OBJECTIVES To determine the rate of prophylactic embolization of extrahepatic vessels in patients undergoing yttrium-90 selective internal radiotherapy (90Y SIRT) for hepatocellular carcinoma (HCC) with the use of catheter-directed computed tomography hepatic angiography (CD-CTHA). MATERIALS AND METHODS This retrospective study included 186 HCC patients who received 90Y SIRT from May 2010 to June 2015 in a single institution. All procedures were performed in a hybrid angiography-CT suite equipped with digital subtraction angiography (DSA) and CD-CTHA capabilities. CD-CTHA was performed during pre-treatment hepatic angiography. 90Y SIRT was administered approximately 2 weeks later. Selective prophylactic embolization of extrahepatic vessels was performed if extrahepatic enhancement was seen on CD-CTHA or if an extrahepatic vessel opacified on DSA/CD-CTHA despite the final microcatheter position for 90Y microsphere delivery being beyond the origin of this vessel. RESULTS Thirty-five patients (18.8%) required selective embolization of extrahepatic vessels. Technical success of 90Y SIRT was 99.5%. Two patients (1.1%) developed radiation-induced gastrointestinal ulceration, and one (0.54%) developed radiation-induced pneumonitis. Extrahepatic uptake of 90Y microspheres was seen in the gallbladder of one patient without significant complications. CONCLUSION The use of CD-CTHA in 90Y SIRT of HCC was associated with a low rate of prophylactic embolization of extrahepatic vessels while maintaining a high technical success rate of treatment and low rate of complications. LEVEL OF EVIDENCE Level 4, case series.

中文翻译:

用于肝细胞癌的Yttrium-90选择性内部放射治疗的导管导向计算机断层扫描肝脏血管造影术可减少肝外血管的预防性栓塞。

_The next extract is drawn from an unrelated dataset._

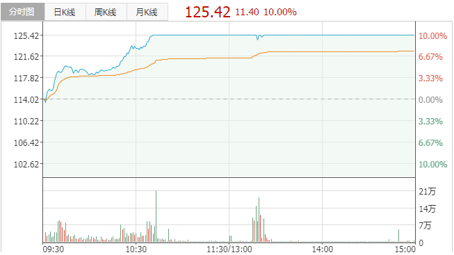 “从周一跌停至股价100.31元,到现在周三涨停价125.42,这样的反弹力度确实非常强势,可见这只股活性很强。如果周一大胆买入到今日可收获不小的浮盈。”某财经媒体人说。

目的通过导管定向计算机断层扫描肝血管造影术(CD-CTHA),确定接受钇90选择性内部放疗(90Y SIRT)治疗肝细胞癌(HCC)的患者肝外血管的预防栓塞率。材料与方法这项回顾性研究纳入了186例从2010年5月至2015年6月在同一机构接受90Y SIRT的HCC患者。所有程序均在配备数字减影血管造影(DSA)和CD-CTHA功能的混合血管造影CT套件中进行。CD-CTHA在治疗前的肝血管造影过程中进行。约2周后给予90Y SIRT。如果在CD-CTHA上看到肝外增强或在DSA / CD-CTHA上有肝外血管混浊,尽管90Y微球递送的最终微导管位置超出了该血管的起点,则进行肝外血管的选择性预防栓塞。结果35例患者(18.8%)需要选择性栓塞肝外血管。90Y SIRT的技术成功率为99.5%。两名患者(1.1%)发生了辐射诱发的胃肠道溃疡,一名患者(0.54%)发生了辐射诱发的肺炎。在一名患者的胆囊中观察到肝外摄取90Y微球,无明显并发症。结论CD-CTHA在肝癌90Y SIRT中的使用与肝外血管的预防性栓塞率低,同时维持较高的治疗技术成功率和较低的并发症发生率有关。证据级别4级,案例系列。